→ AIM OF THE TASK
Exercise in exact copying: restate word for word only the lines below from the one containing "- Klik op Opslaan" through the one containing "Eingebettet in der", omitting any pictures.

LISTED ENTRIES START

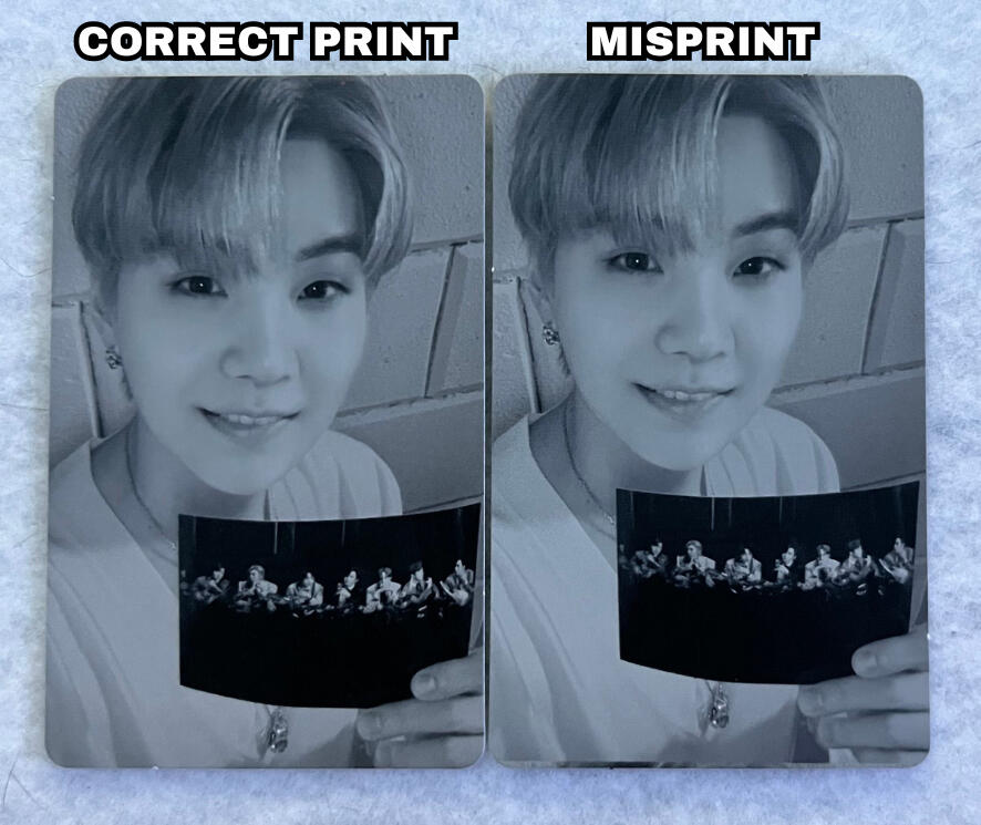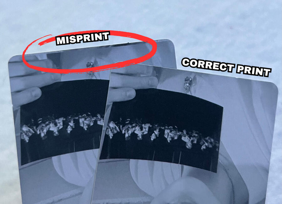 A misprint can be defined as any manufactured photocard that was not produced as intended, resulting in visual errors that differ from properly printed pcs. This can include shape, size, photo quality, color, fonts, texture, etc.
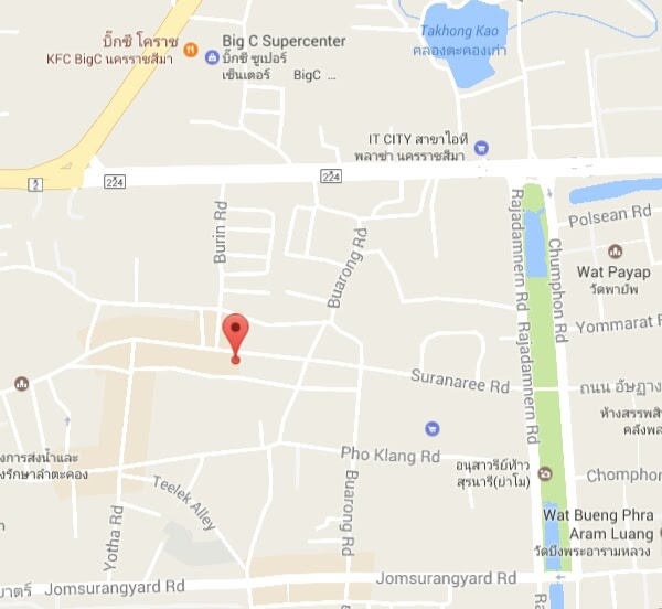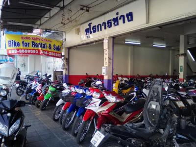 旧バスターミナル(第1)近くの南側、Burin通りとSuranari通りの三差路から東に30mほどの所にある「EURO KARN CHANG」というバイクショップで借りられます。場所は写真の地図参照。シート状の黄色い看板には英語で店名と「Bike For Rental & Sale」と書かれています。1日(24H)でオートマティック車250Bから、マニュアル車300Bからです(排気量によって異なります)。ヘルメット無料貸与、パスポートの現物を預けます(コピーの場合は1万Bのデポジット要)。
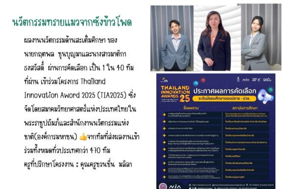 ผลงานนวัตกรรมด้านสะเต็มศึกษาของนายกฤตพล ชุนบุญมา และนางสาวมาติกา ธงสวัสดิ์ ได้ผ่านการคัดเลือกเข้าสู่รอบสุดท้าย เป็น 1 ใน 40 ทีมที่ผ่านเข้าร่วมโครงการ Thailand Innovation Award 2025 (TIA2025)
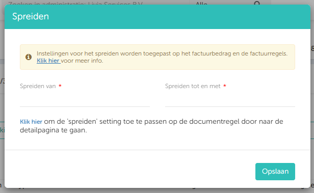 - Klik op Opslaan om de spreiding toe te passen op het factuur. Deze spreidingsperiode is ook van toepassing op alle factuurregels.
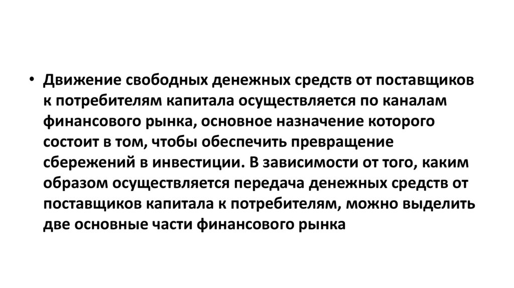 • Движение свободных денежных средств от поставщиковк потребителям капитала осуществляется по каналам
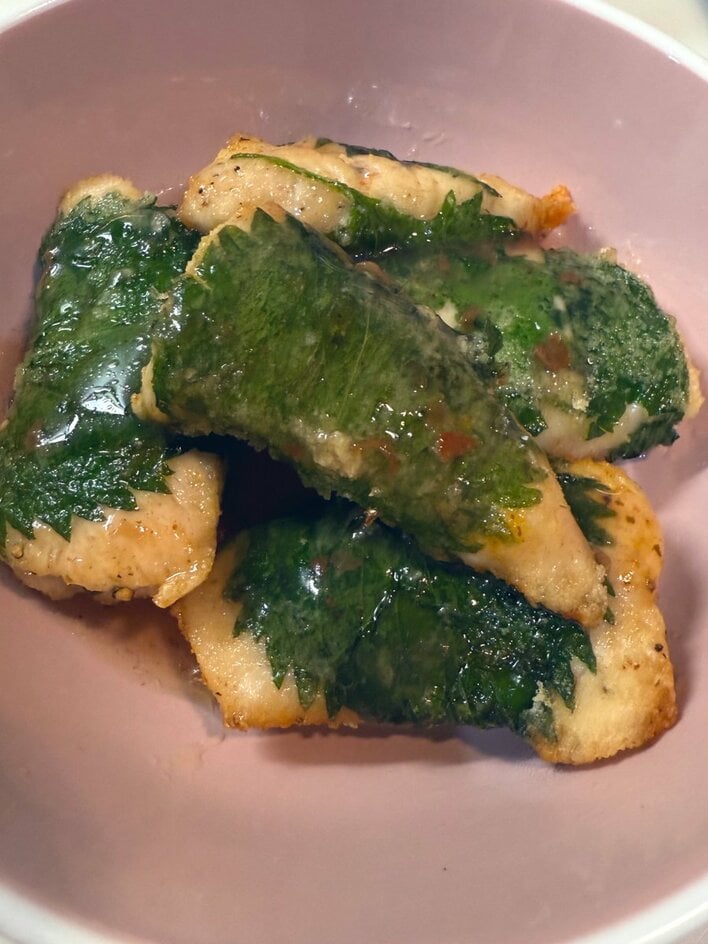 まずは、「大葉と鶏肉と梅ソース」と題した鶏肉料理。
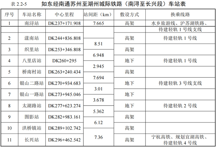 如东经南通苏州至湖州城际铁路(南浔至长兴段)全线设站11座,其中7个高架站,4个地下站。
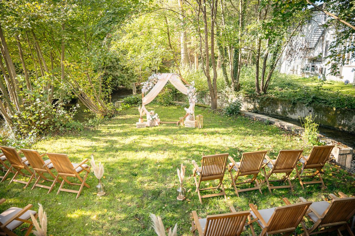 Eingebettet in der schönen Natur, umgeben von Bäumen und dem beruhigenden Klang zweier kleiner Bäche welche den Ort sanft umschliessen, bietet unser Traugarten die perfekte Kulisse für euren ganz persönlichen Moment. Unser Outdoor-Traugarten bietet Platz für bis zu 100 Gäste und ist somit ideal für Trauungen im grossen oder kleinen Rahmen. Im Anschluss an die Zeremonie lädt die Umgebung auch zu einem stilvollen Apéro im Grünen ein – für unvergessliche Begegnungen, liebevolle Gespräche und erste gemeinsame Schritte als frisch vermähltes Paar.
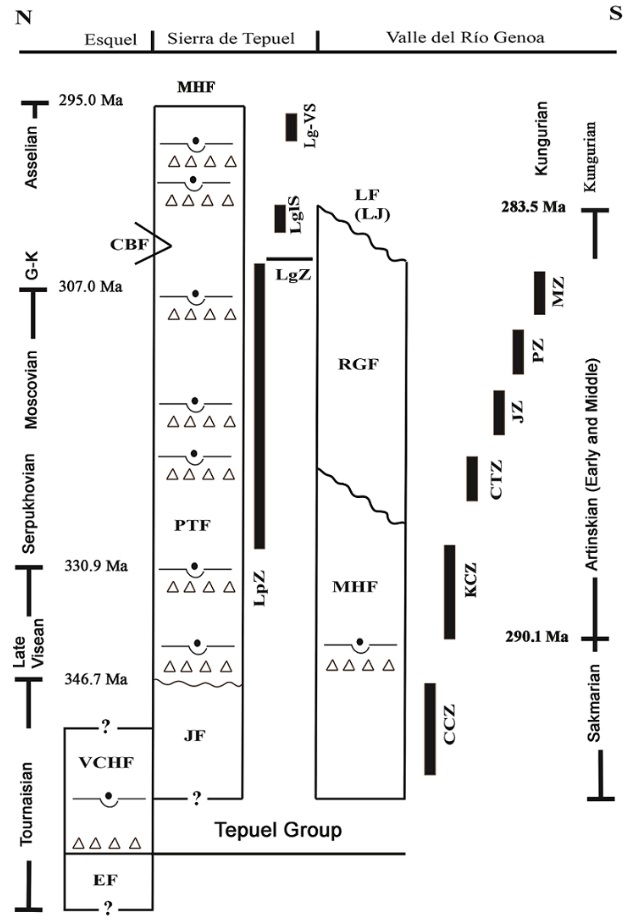 The Upper Paleozoic deposits of central-west Patagonia infilled the Tepuel-Genoa Basin, which extends between 43º-44º 20’ S and 69º 30’-71º W for approximately 250 km in central-western Chubut Province. Patagonia was located at the southwestern margin of Gondwana and was possibly separated from southern South America as an independent block that collided with the continental margin during late Paleozoic times (Ramos, 1984, 2008; Pankhurst et al., 2006). Upper Paleozoic rocks of the basin are widely exposed in the north-south arranged Sierras de Tepuel, Tecka, Languiñeo, Cerro Excursión and Valle Chico (near the town of Esquel), Valle del Río Genoa, El Molle and Pampa de Agnia regions (Fig. 2). After the pioneer studies of Keidel (1922) and Piatnitzky (1933, 1936), Suero (1948, 1953, 1958) first outlined the general stratigraphy of the basin and determined the Late Paleozoic age of these deposits, based mainly on preliminary identifications of plants and marine invertebrates remains. Many subsequent studies allowed a better understanding of the stratigraphy, paleoenvironment and paleontological content of the basin (Pagani and Taboada, 2010 and references therein). The most commonly used stratigraphic nomenclature was proposed by Page et al. (1984), who identified a tripartite succession that includes the Jaramillo, Pampa de Tepuel and Mojón de Hierro formations (Freytes inLesta and Ferello, 1972; emend. Page et al., 1984). The Río Genoa Formation (Lesta and Ferello, 1972; emend. Andreis et al., 1986) assembles the southernmost outcrops of the basin, and is interpreted as partially equivalent to the Mojón de Hierro Formation (Lesta and Ferello, 1972; Page et al., 1984; Andreis et al., 1986; Hlebszebitsch and Sabattini, 2005). Recently, Taboada and Pagani (2010) and Pagani and Taboada (2011) suggested a possible minor lateral interfingering between the uppermost part of the Mojón de Hierro Formation and the lowermost part of the Río Genoa Formation. These formations constitute the Tepuel Group, a major lithostratigraphic unit with its type section in the Sierra de Tepuel (Suero, 1948; nom. subs. Borrello, 1969; emend. Page et al., 1984). The Tepuel Group is a late Tournaisian-Artinskian glacial-influenced siliciclastic sequence nearly 6,000 m thick that unconformably overlies the Catreleo Devonian granite (Robbiano, 1971) and underlies Lower Jurassic marine strata.
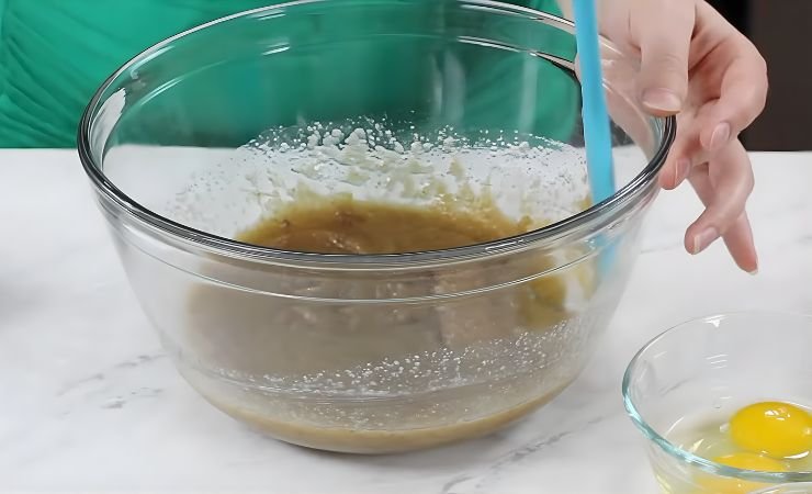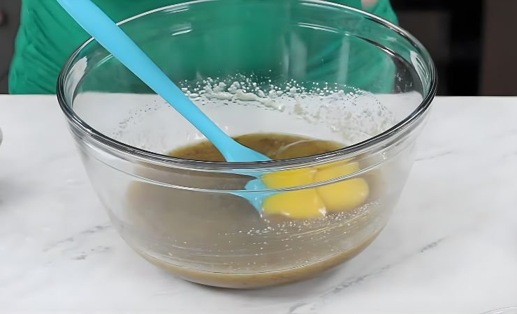 - Mix the Sugars and Butter: Pour the brown sugar and white sugar into the bowl of melted butter. Stir until the mixture becomes smooth and thick. There should be no dry spots.

LISTED ENTRIES END

→ RESULT BELOW
 - Klik op Opslaan om de spreiding toe te passen op het factuur. Deze spreidingsperiode is ook van toepassing op alle factuurregels.
 • Движение свободных денежных средств от поставщиковк потребителям капитала осуществляется по каналам
 まずは、「大葉と鶏肉と梅ソース」と題した鶏肉料理。
 如东经南通苏州至湖州城际铁路(南浔至长兴段)全线设站11座,其中7个高架站,4个地下站。
 Eingebettet in der schönen Natur, umgeben von Bäumen und dem beruhigenden Klang zweier kleiner Bäche welche den Ort sanft umschliessen, bietet unser Traugarten die perfekte Kulisse für euren ganz persönlichen Moment. Unser Outdoor-Traugarten bietet Platz für bis zu 100 Gäste und ist somit ideal für Trauungen im grossen oder kleinen Rahmen. Im Anschluss an die Zeremonie lädt die Umgebung auch zu einem stilvollen Apéro im Grünen ein – für unvergessliche Begegnungen, liebevolle Gespräche und erste gemeinsame Schritte als frisch vermähltes Paar.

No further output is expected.